In the old days, when we actually had to use our hands and eyes to set up the lens, turning the focus ring all the way to infinity was where it
stopped. In the dark, I could turn it all the way to the stop and knew I was focused on infinity, perfect for star shots.
The new EF lenses have their stop located pass where infinate focus is located. The camera will not auto focus on the stars either: their light is too
dim. The focus will hunt around.
So, there are a couple of things you can do: use the "Live View" on the back of the camera screen, and try to zoom in on a very bright star like
Sirius or on planet Venus if it's out, and slowly turn the focus ring until you get your point of light.
Even then, you have to be very careful because the slightest bump or tap will put it out of focus again.

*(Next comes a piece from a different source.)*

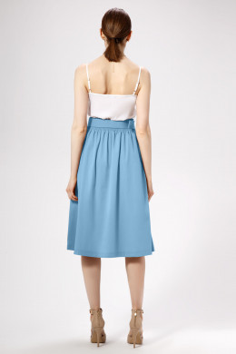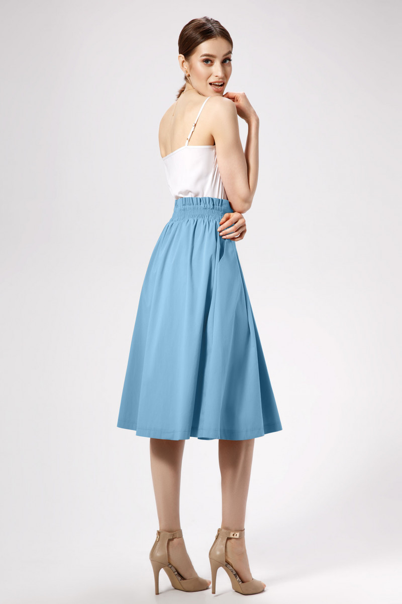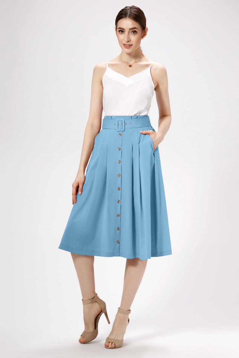 Стильная трендовая юбка длиной ниже коленей из хлопковой ткани. Юбка на талии на резинке, со съёмным декоративным поясом из основной ткани, по бокам имеются карманы. По переду юбки имеются по две складочки с каждой стороны, по центру имитация застежки - планка с пуговицами. Такая юбка отлично сочетается с различными джемперами и предполагается носить как с кроссовками,так и с каблуками создавая различный образ на каждый день.

While that's a pain, it is still amazing to be able to take my images and see what I'm getting right away:
The Milky Way:
For the last couple of years I've been busy doing a lot of things, and had not gotten back to this. Too busy with life.......moderating here on ATS,
and other stuff. But I decided to get back into this.
So for the last few nights, here are some of the things I've been doing:
The constellation Perseus (looking towards the North West). That's the Pleiades towards the upper left hand corner. This is a stack of 5 frames, at
ISO 1600, f4.5, 15 seconds exposure at 18mm.
The Pleiades. Stack of 6 frames at ISO 1600, f4.0, 15 second exposures at 55mm:
Now look at the next two pictures. This is the constellation Orion. This first image is a single frame of ISO 3200, f3.5, 21mm at 15 seconds of
exposure:
Here it is again using a "dark frame" to help remove thermal noise, and cleaned up with my imaging software:
Love how blue looking some of the stars are.